▸ **GIVEN DATA**

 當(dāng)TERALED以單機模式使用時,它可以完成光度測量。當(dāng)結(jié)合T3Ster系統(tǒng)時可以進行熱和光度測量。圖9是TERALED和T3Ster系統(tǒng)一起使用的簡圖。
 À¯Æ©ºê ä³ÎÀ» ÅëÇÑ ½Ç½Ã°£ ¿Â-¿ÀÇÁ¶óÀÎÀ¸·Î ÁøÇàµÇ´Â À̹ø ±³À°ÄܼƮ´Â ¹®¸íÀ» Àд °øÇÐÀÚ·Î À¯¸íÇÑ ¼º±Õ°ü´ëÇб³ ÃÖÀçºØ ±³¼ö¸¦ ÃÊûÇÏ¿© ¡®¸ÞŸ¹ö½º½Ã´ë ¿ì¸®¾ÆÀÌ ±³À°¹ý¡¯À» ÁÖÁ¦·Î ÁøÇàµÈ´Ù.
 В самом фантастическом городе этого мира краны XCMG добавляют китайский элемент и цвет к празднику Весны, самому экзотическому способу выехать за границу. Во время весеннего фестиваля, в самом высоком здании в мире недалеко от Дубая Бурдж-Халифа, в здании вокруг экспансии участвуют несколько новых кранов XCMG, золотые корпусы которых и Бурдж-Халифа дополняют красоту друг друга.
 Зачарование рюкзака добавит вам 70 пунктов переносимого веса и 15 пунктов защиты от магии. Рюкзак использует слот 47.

---

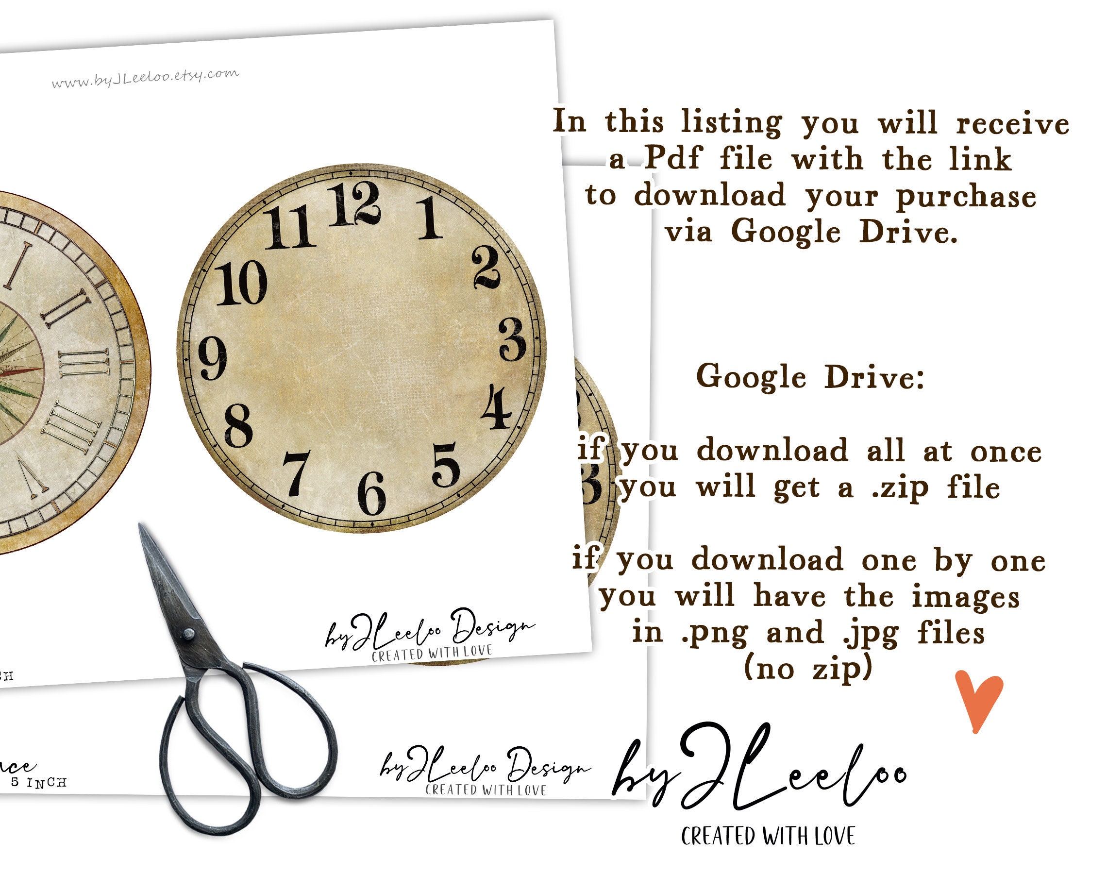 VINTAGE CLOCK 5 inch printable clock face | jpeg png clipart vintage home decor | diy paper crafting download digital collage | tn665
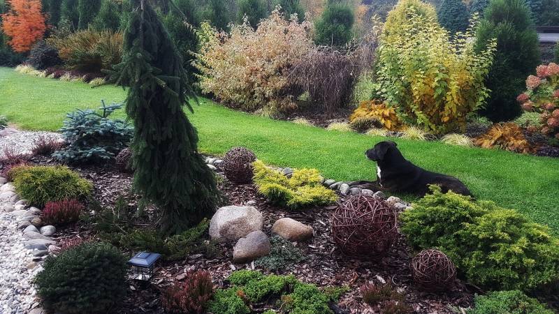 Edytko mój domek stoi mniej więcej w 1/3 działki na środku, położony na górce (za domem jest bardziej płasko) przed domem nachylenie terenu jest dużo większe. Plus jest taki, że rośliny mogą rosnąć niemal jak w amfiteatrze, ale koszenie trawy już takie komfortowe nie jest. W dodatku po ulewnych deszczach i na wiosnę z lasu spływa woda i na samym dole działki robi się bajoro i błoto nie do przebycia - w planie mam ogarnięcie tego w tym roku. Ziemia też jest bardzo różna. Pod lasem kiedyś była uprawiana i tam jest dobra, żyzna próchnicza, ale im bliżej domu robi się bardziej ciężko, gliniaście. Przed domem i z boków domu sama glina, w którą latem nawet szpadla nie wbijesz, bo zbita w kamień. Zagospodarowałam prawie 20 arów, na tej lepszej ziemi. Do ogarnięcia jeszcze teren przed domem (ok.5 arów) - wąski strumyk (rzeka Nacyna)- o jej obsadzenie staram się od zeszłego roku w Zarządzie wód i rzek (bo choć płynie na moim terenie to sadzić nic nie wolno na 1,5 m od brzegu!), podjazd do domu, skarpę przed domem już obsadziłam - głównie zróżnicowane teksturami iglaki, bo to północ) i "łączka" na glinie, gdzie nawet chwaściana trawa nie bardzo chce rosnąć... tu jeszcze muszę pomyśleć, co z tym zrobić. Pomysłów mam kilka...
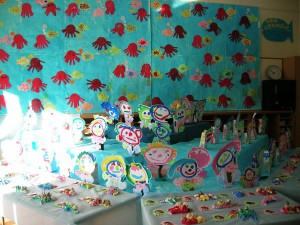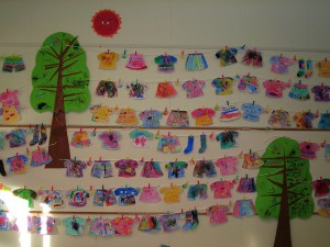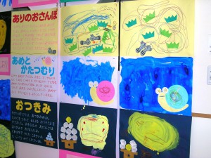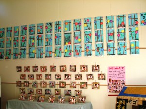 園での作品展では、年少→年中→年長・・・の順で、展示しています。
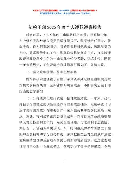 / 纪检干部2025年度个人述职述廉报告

▸ **REQUIRED WORK**
From the data above, output exactly the lines between the one containing "當(dāng)TERALED" and the one containing "Зачарование рюкзака добавит", counting both of them.

▸ **ANSWER SPACE**
 當(dāng)TERALED以單機模式使用時,它可以完成光度測量。當(dāng)結(jié)合T3Ster系統(tǒng)時可以進行熱和光度測量。圖9是TERALED和T3Ster系統(tǒng)一起使用的簡圖。
 À¯Æ©ºê ä³ÎÀ» ÅëÇÑ ½Ç½Ã°£ ¿Â-¿ÀÇÁ¶óÀÎÀ¸·Î ÁøÇàµÇ´Â À̹ø ±³À°ÄܼƮ´Â ¹®¸íÀ» Àд °øÇÐÀÚ·Î À¯¸íÇÑ ¼º±Õ°ü´ëÇб³ ÃÖÀçºØ ±³¼ö¸¦ ÃÊûÇÏ¿© ¡®¸ÞŸ¹ö½º½Ã´ë ¿ì¸®¾ÆÀÌ ±³À°¹ý¡¯À» ÁÖÁ¦·Î ÁøÇàµÈ´Ù.
 В самом фантастическом городе этого мира краны XCMG добавляют китайский элемент и цвет к празднику Весны, самому экзотическому способу выехать за границу. Во время весеннего фестиваля, в самом высоком здании в мире недалеко от Дубая Бурдж-Халифа, в здании вокруг экспансии участвуют несколько новых кранов XCMG, золотые корпусы которых и Бурдж-Халифа дополняют красоту друг друга.
 Зачарование рюкзака добавит вам 70 пунктов переносимого веса и 15 пунктов защиты от магии. Рюкзак использует слот 47.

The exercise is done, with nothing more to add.